* [RECORDS PROVIDED]
------------------------------

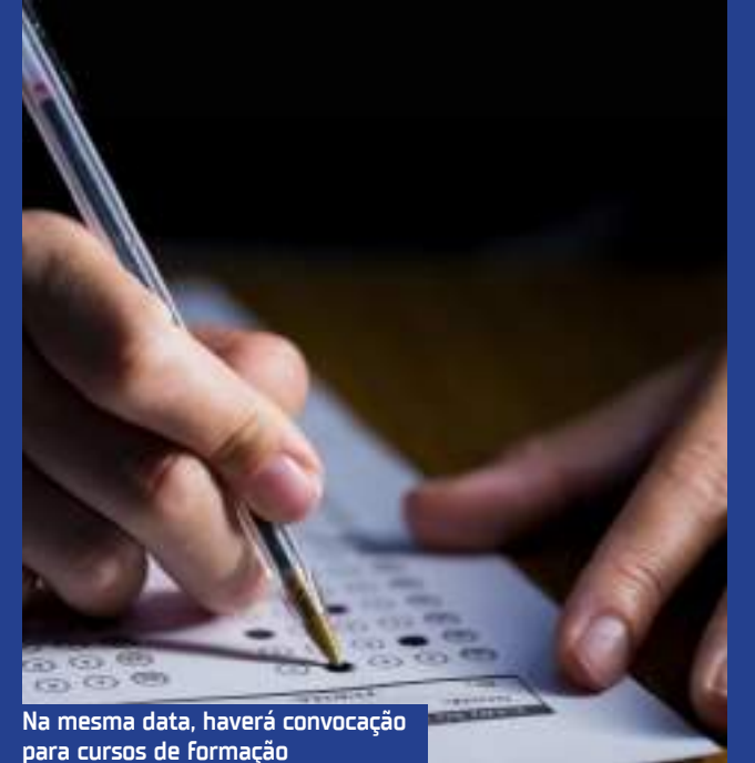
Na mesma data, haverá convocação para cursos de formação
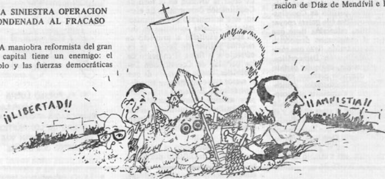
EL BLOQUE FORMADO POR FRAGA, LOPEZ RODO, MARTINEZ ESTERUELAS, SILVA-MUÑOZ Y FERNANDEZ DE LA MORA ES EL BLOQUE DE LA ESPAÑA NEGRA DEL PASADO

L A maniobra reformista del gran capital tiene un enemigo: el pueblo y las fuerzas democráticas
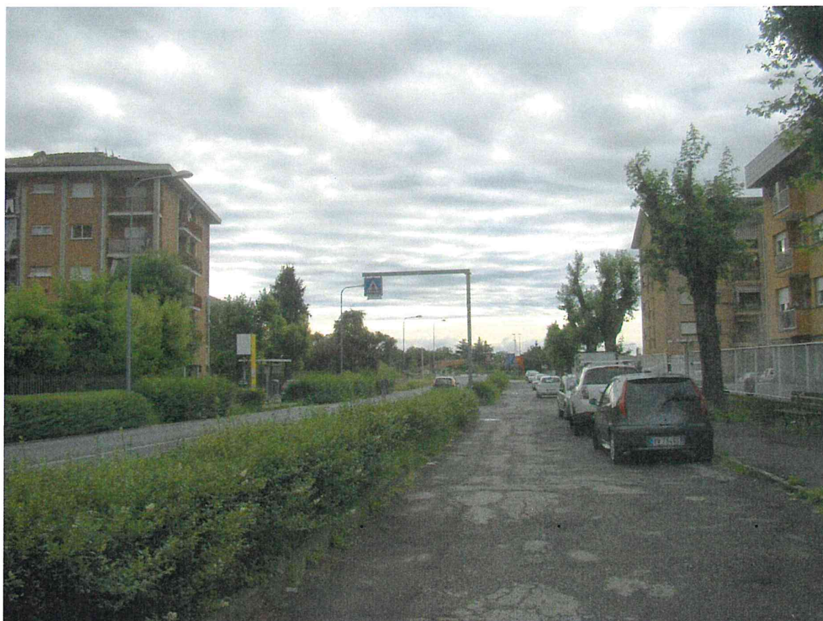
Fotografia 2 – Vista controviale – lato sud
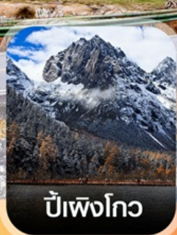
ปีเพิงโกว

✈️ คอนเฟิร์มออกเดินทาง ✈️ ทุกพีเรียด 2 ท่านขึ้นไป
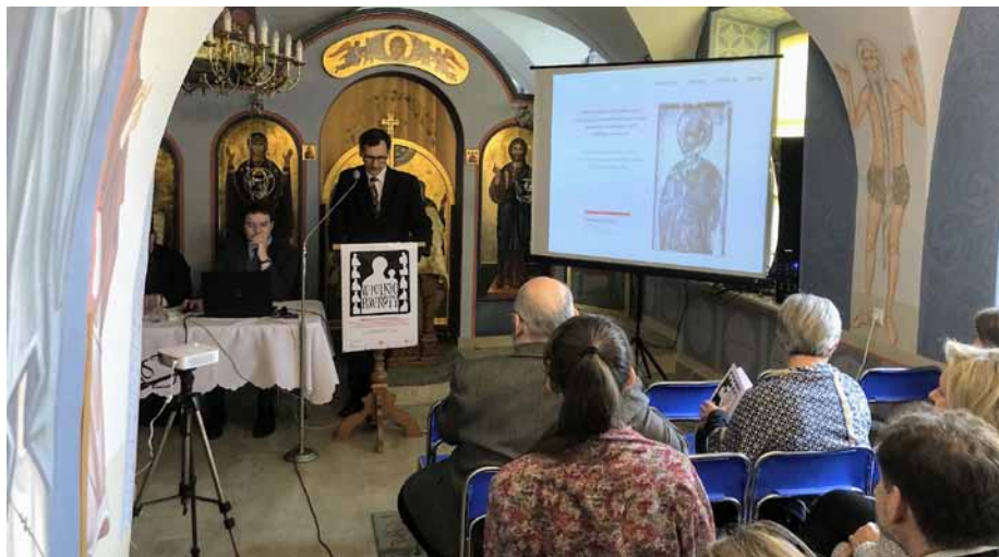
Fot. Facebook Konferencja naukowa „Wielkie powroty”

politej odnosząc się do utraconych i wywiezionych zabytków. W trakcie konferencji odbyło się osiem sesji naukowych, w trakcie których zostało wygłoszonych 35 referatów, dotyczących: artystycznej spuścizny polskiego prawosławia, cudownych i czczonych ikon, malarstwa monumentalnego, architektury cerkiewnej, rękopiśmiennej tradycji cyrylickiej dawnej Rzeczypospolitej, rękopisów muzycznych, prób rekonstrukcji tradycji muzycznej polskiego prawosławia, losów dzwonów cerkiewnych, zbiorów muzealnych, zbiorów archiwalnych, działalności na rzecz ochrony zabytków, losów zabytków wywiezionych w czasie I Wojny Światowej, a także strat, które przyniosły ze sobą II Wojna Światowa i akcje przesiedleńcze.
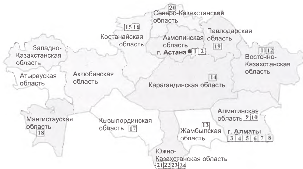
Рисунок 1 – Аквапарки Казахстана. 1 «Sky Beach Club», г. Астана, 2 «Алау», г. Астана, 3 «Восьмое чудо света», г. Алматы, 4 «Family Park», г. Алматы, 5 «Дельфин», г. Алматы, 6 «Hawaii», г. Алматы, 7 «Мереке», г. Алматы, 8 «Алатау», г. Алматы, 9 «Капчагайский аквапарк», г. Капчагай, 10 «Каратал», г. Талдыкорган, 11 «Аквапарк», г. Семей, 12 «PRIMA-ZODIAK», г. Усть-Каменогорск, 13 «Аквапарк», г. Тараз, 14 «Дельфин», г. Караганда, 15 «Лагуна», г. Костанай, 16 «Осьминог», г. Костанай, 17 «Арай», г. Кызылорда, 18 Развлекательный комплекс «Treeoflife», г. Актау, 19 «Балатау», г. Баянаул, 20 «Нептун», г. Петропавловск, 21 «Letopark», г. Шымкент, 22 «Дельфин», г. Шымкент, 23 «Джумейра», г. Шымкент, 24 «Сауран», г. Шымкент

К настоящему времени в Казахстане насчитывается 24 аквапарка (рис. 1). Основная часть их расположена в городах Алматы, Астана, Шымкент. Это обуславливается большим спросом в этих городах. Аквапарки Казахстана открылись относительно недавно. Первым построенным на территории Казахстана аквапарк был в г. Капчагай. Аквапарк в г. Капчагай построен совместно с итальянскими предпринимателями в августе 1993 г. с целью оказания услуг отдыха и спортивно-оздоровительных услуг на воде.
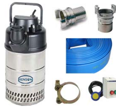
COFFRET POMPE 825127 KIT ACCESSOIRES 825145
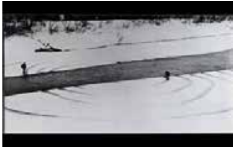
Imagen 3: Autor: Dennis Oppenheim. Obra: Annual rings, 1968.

------------------------------

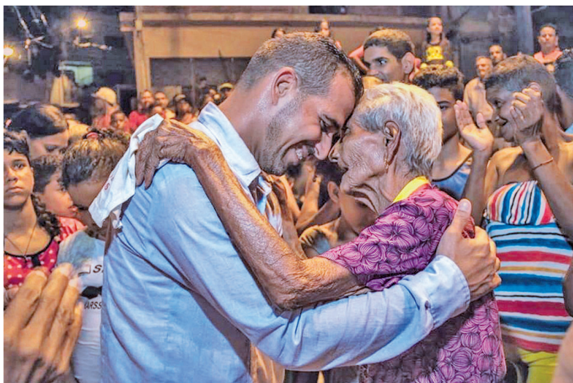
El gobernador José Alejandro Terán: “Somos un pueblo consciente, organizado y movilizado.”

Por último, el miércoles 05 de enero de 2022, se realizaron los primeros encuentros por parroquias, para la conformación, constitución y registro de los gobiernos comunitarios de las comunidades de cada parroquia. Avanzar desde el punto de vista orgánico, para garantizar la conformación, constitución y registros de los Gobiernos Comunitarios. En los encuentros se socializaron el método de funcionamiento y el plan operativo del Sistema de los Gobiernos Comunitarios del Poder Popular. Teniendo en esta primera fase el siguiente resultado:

------------------------------

* [WHAT YOU WILL DO] Each line above starting at the one holding "ทุกพีเรียด 2 ท่านขึ้นไป" and ending at the one holding "politej odnosząc się" should be set down exactly as it stands, both ends included, with no pictures.

* [RESPONSE TO THIS EXERCISE]
✈️ คอนเฟิร์มออกเดินทาง ✈️ ทุกพีเรียด 2 ท่านขึ้นไป
Fot. Facebook Konferencja naukowa „Wielkie powroty”

politej odnosząc się do utraconych i wywiezionych zabytków. W trakcie konferencji odbyło się osiem sesji naukowych, w trakcie których zostało wygłoszonych 35 referatów, dotyczących: artystycznej spuścizny polskiego prawosławia, cudownych i czczonych ikon, malarstwa monumentalnego, architektury cerkiewnej, rękopiśmiennej tradycji cyrylickiej dawnej Rzeczypospolitej, rękopisów muzycznych, prób rekonstrukcji tradycji muzycznej polskiego prawosławia, losów dzwonów cerkiewnych, zbiorów muzealnych, zbiorów archiwalnych, działalności na rzecz ochrony zabytków, losów zabytków wywiezionych w czasie I Wojny Światowej, a także strat, które przyniosły ze sobą II Wojna Światowa i akcje przesiedleńcze.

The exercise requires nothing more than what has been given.